▸ Exercise: Your answer must be the lines from the top of the listing below through the line that holds "На первом этаже", retyped exactly, with no pictures.

▸ Source material:
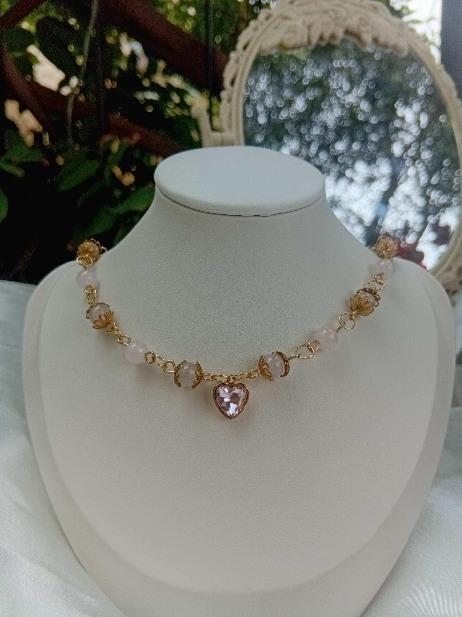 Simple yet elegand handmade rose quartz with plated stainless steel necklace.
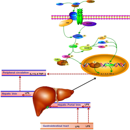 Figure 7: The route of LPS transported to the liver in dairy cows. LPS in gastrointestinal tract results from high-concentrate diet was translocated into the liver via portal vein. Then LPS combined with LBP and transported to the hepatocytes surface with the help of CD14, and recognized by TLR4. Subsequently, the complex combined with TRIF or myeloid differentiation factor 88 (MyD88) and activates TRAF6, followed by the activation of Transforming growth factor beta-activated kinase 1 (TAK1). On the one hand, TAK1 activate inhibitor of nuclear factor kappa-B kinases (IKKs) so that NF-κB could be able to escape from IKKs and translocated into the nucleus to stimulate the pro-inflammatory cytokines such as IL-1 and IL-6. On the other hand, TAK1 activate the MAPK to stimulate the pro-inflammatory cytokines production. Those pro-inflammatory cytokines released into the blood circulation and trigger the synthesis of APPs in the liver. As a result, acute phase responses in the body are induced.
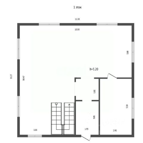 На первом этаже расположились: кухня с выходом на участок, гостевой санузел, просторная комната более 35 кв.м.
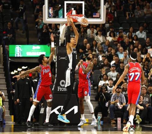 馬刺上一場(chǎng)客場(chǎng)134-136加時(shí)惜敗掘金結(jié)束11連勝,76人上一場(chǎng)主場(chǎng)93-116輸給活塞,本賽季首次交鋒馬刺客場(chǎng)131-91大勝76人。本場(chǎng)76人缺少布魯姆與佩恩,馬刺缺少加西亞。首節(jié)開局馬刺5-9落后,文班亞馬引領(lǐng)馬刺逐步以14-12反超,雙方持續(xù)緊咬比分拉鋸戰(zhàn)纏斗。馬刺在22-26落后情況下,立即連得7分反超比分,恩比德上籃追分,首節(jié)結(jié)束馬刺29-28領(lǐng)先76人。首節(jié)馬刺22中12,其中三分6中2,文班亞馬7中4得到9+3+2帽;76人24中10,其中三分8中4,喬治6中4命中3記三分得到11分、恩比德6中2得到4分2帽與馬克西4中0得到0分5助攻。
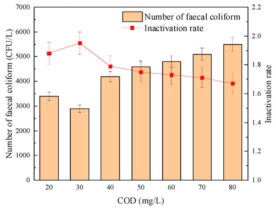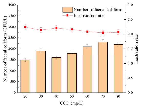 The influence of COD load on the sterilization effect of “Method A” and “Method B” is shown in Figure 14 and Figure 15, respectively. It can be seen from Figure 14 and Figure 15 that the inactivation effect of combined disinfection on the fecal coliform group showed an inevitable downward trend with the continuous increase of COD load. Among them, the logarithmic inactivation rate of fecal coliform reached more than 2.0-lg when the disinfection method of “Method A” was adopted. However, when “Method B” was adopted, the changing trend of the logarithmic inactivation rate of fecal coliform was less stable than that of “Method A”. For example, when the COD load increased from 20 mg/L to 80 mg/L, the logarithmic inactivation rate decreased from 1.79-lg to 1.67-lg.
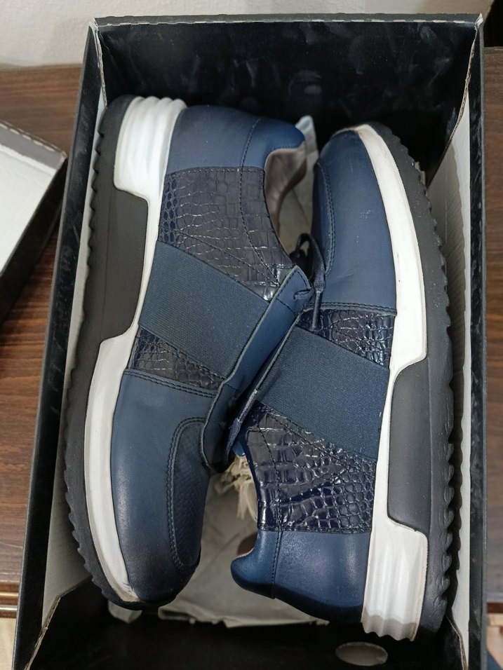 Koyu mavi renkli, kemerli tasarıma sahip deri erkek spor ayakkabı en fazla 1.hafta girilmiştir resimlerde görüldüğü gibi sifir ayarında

▸ Completed task:
 Simple yet elegand handmade rose quartz with plated stainless steel necklace.
 Figure 7: The route of LPS transported to the liver in dairy cows. LPS in gastrointestinal tract results from high-concentrate diet was translocated into the liver via portal vein. Then LPS combined with LBP and transported to the hepatocytes surface with the help of CD14, and recognized by TLR4. Subsequently, the complex combined with TRIF or myeloid differentiation factor 88 (MyD88) and activates TRAF6, followed by the activation of Transforming growth factor beta-activated kinase 1 (TAK1). On the one hand, TAK1 activate inhibitor of nuclear factor kappa-B kinases (IKKs) so that NF-κB could be able to escape from IKKs and translocated into the nucleus to stimulate the pro-inflammatory cytokines such as IL-1 and IL-6. On the other hand, TAK1 activate the MAPK to stimulate the pro-inflammatory cytokines production. Those pro-inflammatory cytokines released into the blood circulation and trigger the synthesis of APPs in the liver. As a result, acute phase responses in the body are induced.
 На первом этаже расположились: кухня с выходом на участок, гостевой санузел, просторная комната более 35 кв.м.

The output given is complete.